Notas: (i) os erros-padrão robustos são apresentados entre parênteses; (ii) ***, ** e * denotam os coeficientes estatisticamente significativos a 1%, 5% e 10%, respectivamente; (iii) além dos pesos amostrais (v32039), incorporou-se às estimações a estrutura do plano amostral da Pnad, por meio das variáveis v4617 e v4618; (iv) Teste F - (2): os coeficientes associados às interações fundamental·negro, medio·negro e superior·negro são simultaneamente nulos; Teste F - (3): os coeficientes associados a pai_funda, pai_medio e pai_super são simultaneamente nulos; Teste F - (4): os coeficientes associados a mae_funda, mae_medio e mae_super são simultaneamente nulos; Teste F - (5): os coeficientes associados a pai_funda, pai_medio, pai_super, mae_funda, mae_medio e mae_super são simultaneamente nulos.
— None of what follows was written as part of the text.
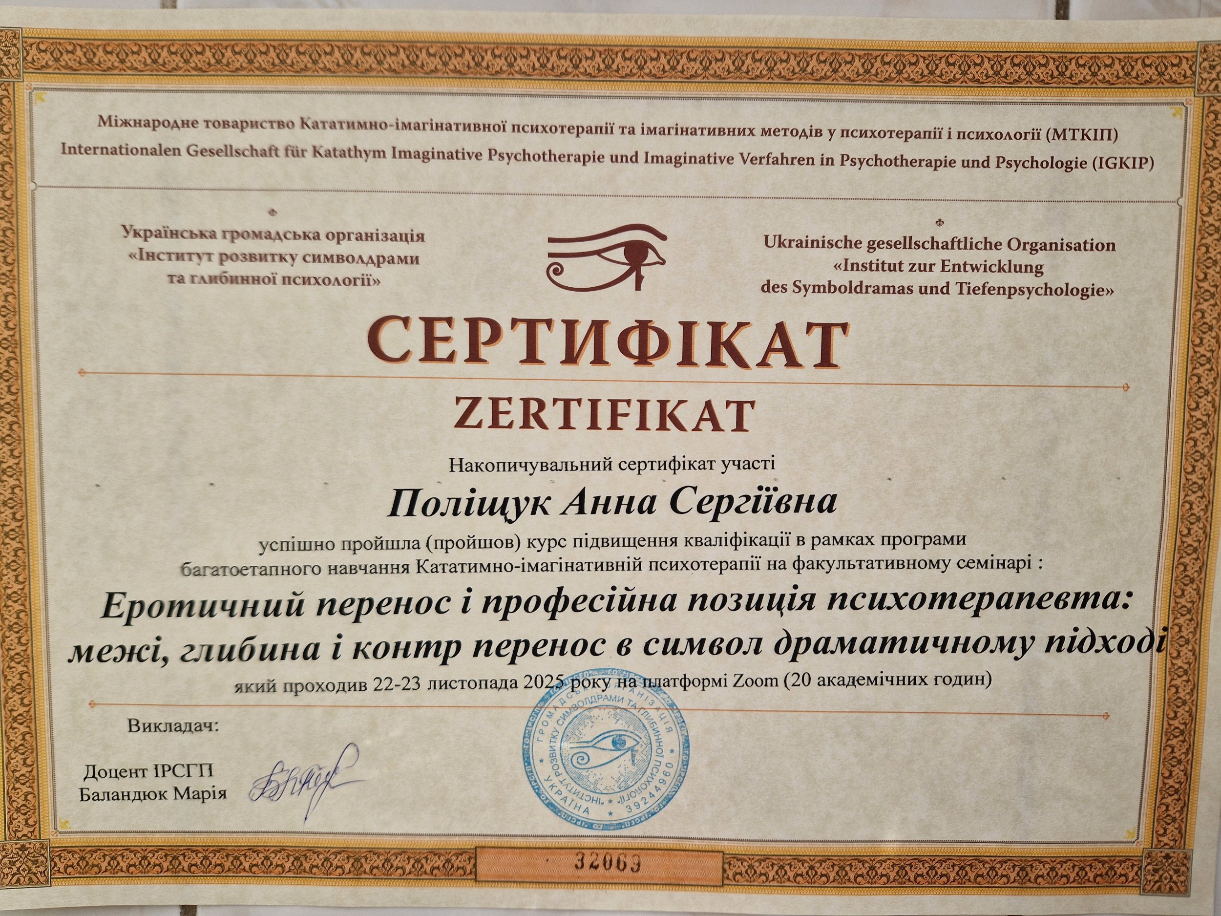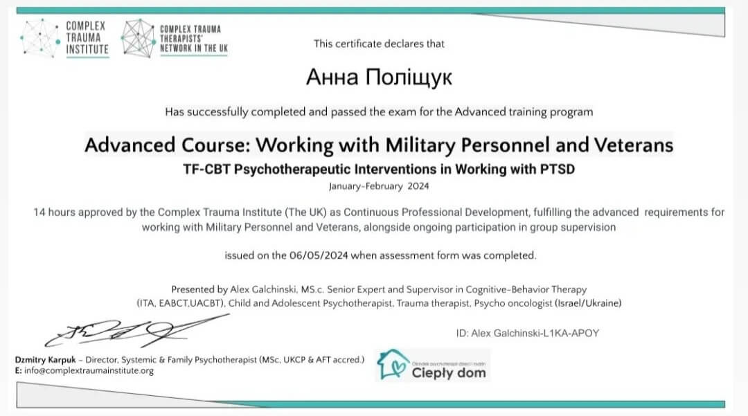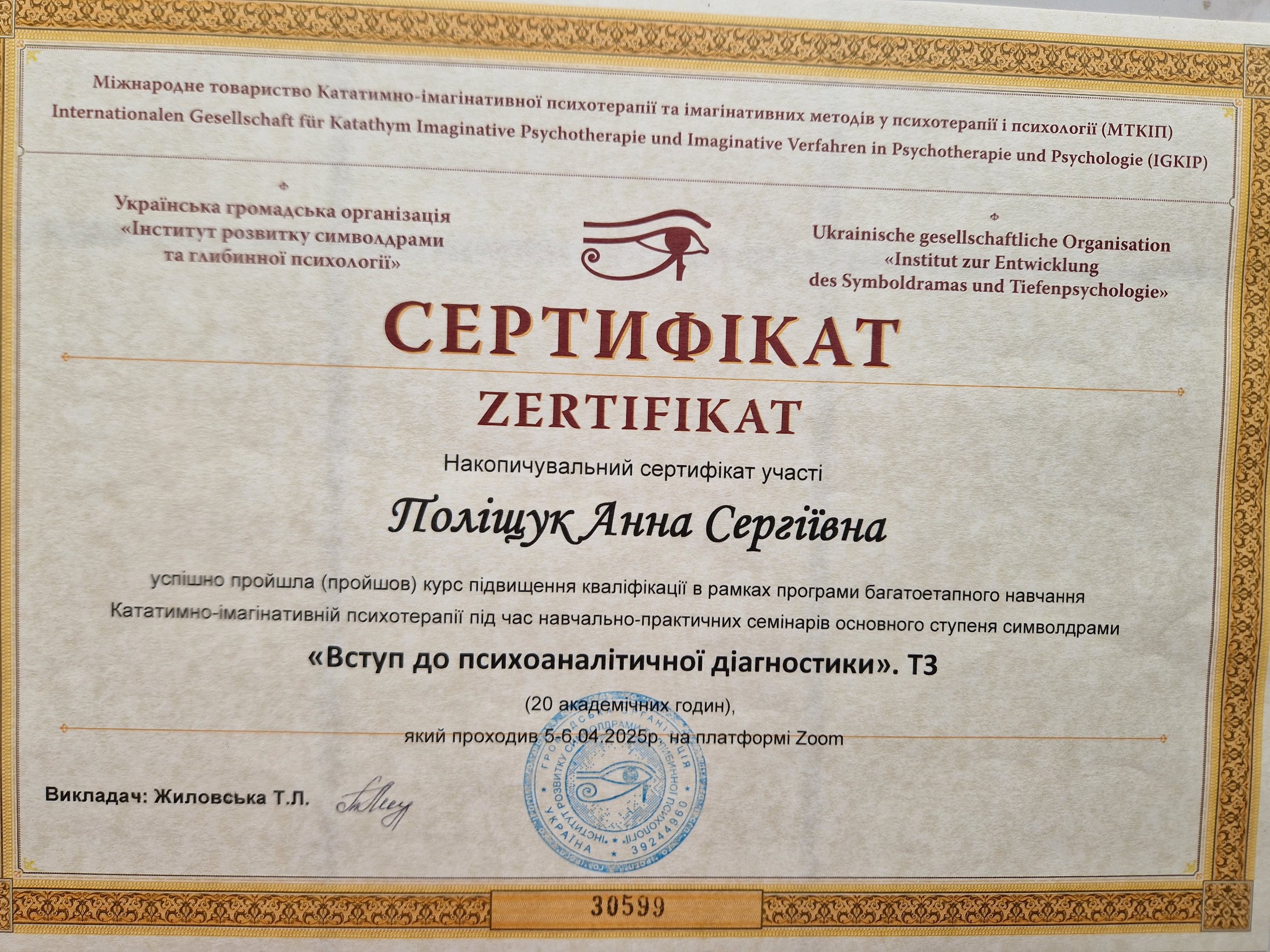 Додатково сертифікація -різні семінари по ЕОТ,символдрамі,груповій,індивідуальній терапіїї, супервізійному супроводі

No modelo (2) considera-se que a influência da cor sobre os rendimentos no mercado de trabalho pode se dar tanto por diferenças de nível - isto é, em razão da existência de um diferencial constante de salários entre brancos e negros - quanto por diferenças nos retornos da educação para esses dois grupos. O primeiro efeito é captado pela variável negro, enquanto o segundo é representado por interações entre essa variável e as binárias para a escolaridade do trabalhador. Cumpre observar que, ao nível de significância de 1%, é possível refutar a hipótese de nulidade conjunta das interações. Esse resultado indica que, de fato, o efeito da escolaridade sobre os rendimentos do trabalho é distinto para brancos e negros. Não obstante, ao se analisar a significância estatística individual de cada uma das interações, verifica-se que apenas o retorno relacionado ao nível superior de ensino difere entre as duas categorias de cor. Assim, ainda que os negros aufiram menores rendimentos que os brancos para todos os níveis de ensino - efeito que é captado pela variável binária negro -, esse hiato se amplia quando se consideram os trabalhadores mais qualificados: a conclusão do ensino superior, tudo o mais constante, incrementa os rendimentos do negro em exp(1,2894 - 0,2134) - 1] · 100 = 193,29% e a do não negro em [exp(1,2894) - 1] · 100 = 263,06%, relativamente aos indivíduos sem instrução ou com ensino fundamental incompleto. Observa-se, ainda, que ao se incorporarem ao modelo interações entre o retorno da educação e a cor do indivíduo, o coeficiente associado a negro é reduzido em relação ao resultado da coluna (1), passando o efeito de 10,61% para 8,80%. Isso mostra que parte do efeito que se atribuía à diferença de nível entre os rendimentos de negros e não negros deve-se, na realidade, ao fato de a escolaridade superior do negro ser remunerada diferentemente da do não negro.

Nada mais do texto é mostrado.